## Task instructions
In the listing below, locate the line with "GEKA® plus Armatur" and the line with "Madrid.—El presidente de", then output both and everything between them exactly, minus any pictures.

## Supplied material
○ ○ ○ ○ ○
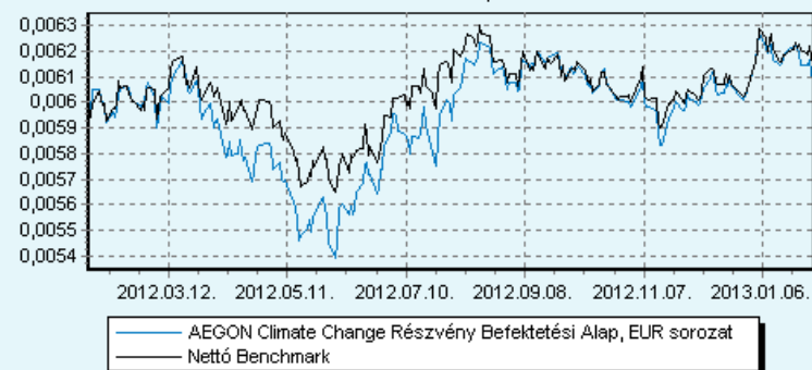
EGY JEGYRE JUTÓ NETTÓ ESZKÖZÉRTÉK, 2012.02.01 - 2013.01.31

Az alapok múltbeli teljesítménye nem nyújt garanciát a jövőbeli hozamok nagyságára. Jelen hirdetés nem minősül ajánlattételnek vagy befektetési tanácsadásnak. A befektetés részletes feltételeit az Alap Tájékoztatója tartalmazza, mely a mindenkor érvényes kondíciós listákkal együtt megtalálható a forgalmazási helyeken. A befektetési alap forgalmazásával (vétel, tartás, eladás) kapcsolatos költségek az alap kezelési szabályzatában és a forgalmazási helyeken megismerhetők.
○ ○ ○ ○ ○
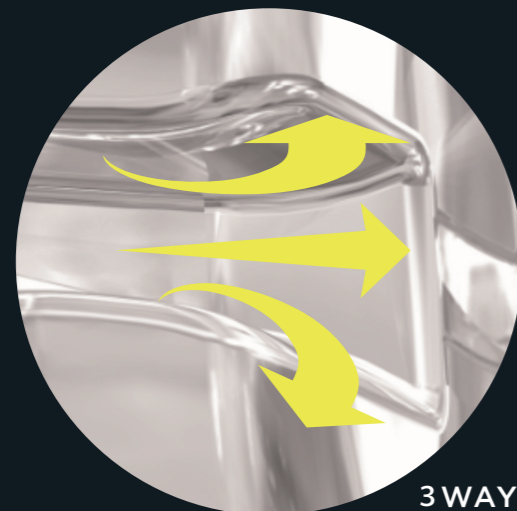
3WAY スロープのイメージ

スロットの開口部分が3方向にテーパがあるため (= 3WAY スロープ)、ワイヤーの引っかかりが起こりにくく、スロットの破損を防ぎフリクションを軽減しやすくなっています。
○ ○ ○ ○ ○
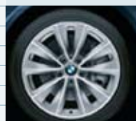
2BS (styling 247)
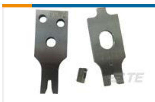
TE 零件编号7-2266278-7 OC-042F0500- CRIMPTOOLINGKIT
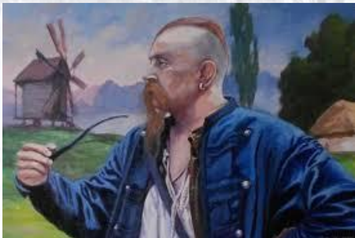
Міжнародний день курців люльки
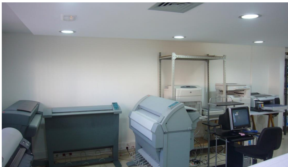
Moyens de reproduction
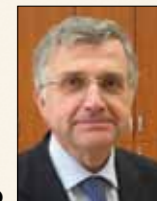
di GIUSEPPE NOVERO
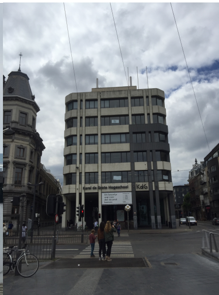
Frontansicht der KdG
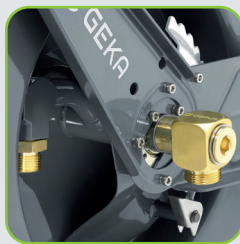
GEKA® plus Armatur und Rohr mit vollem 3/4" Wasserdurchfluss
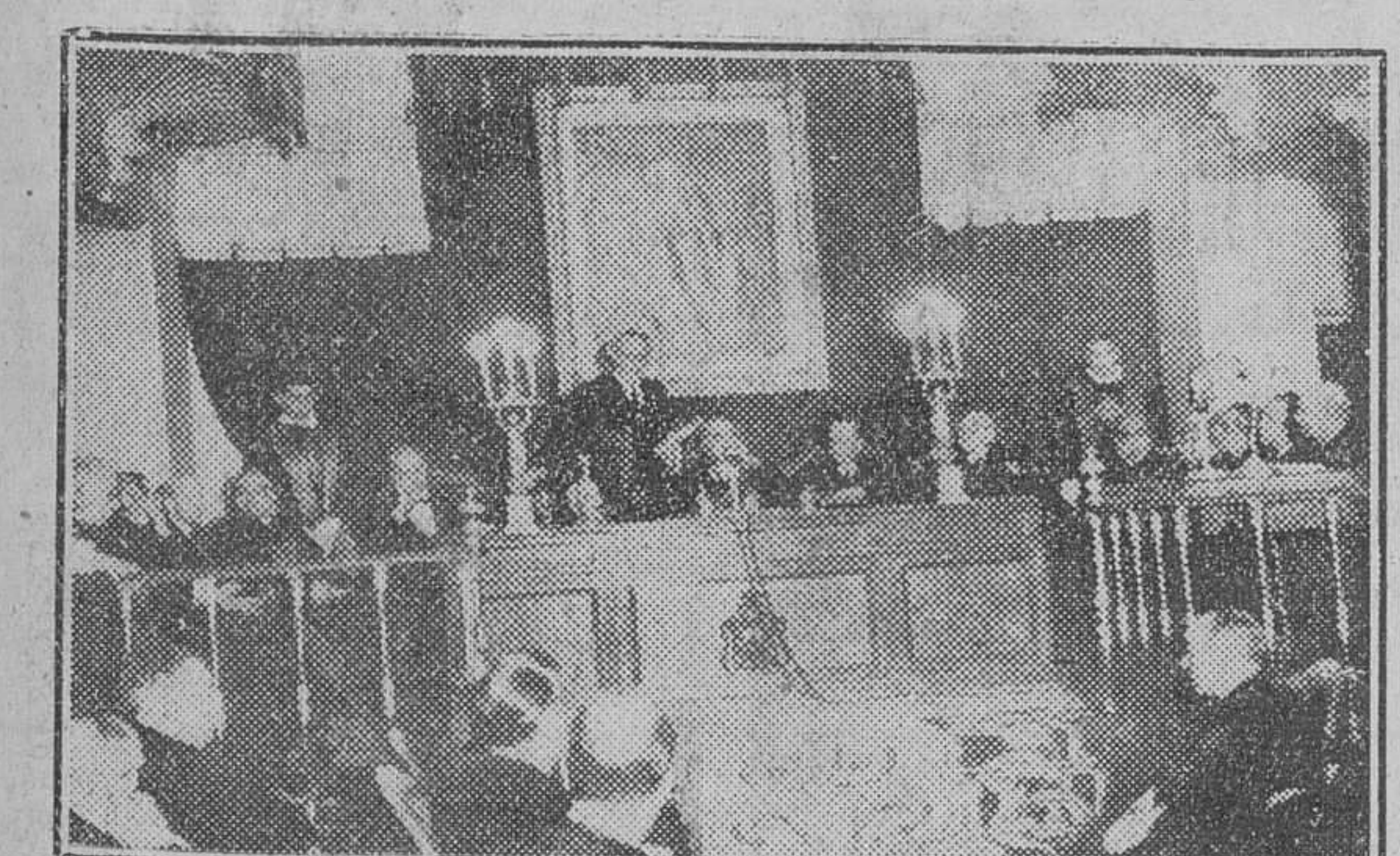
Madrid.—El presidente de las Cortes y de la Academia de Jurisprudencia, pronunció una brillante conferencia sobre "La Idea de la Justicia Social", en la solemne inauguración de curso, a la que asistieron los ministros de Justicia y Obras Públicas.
○ ○ ○ ○ ○
## Solution below
GEKA® plus Armatur und Rohr mit vollem 3/4" Wasserdurchfluss
Madrid.—El presidente de las Cortes y de la Academia de Jurisprudencia, pronunció una brillante conferencia sobre "La Idea de la Justicia Social", en la solemne inauguración de curso, a la que asistieron los ministros de Justicia y Obras Públicas.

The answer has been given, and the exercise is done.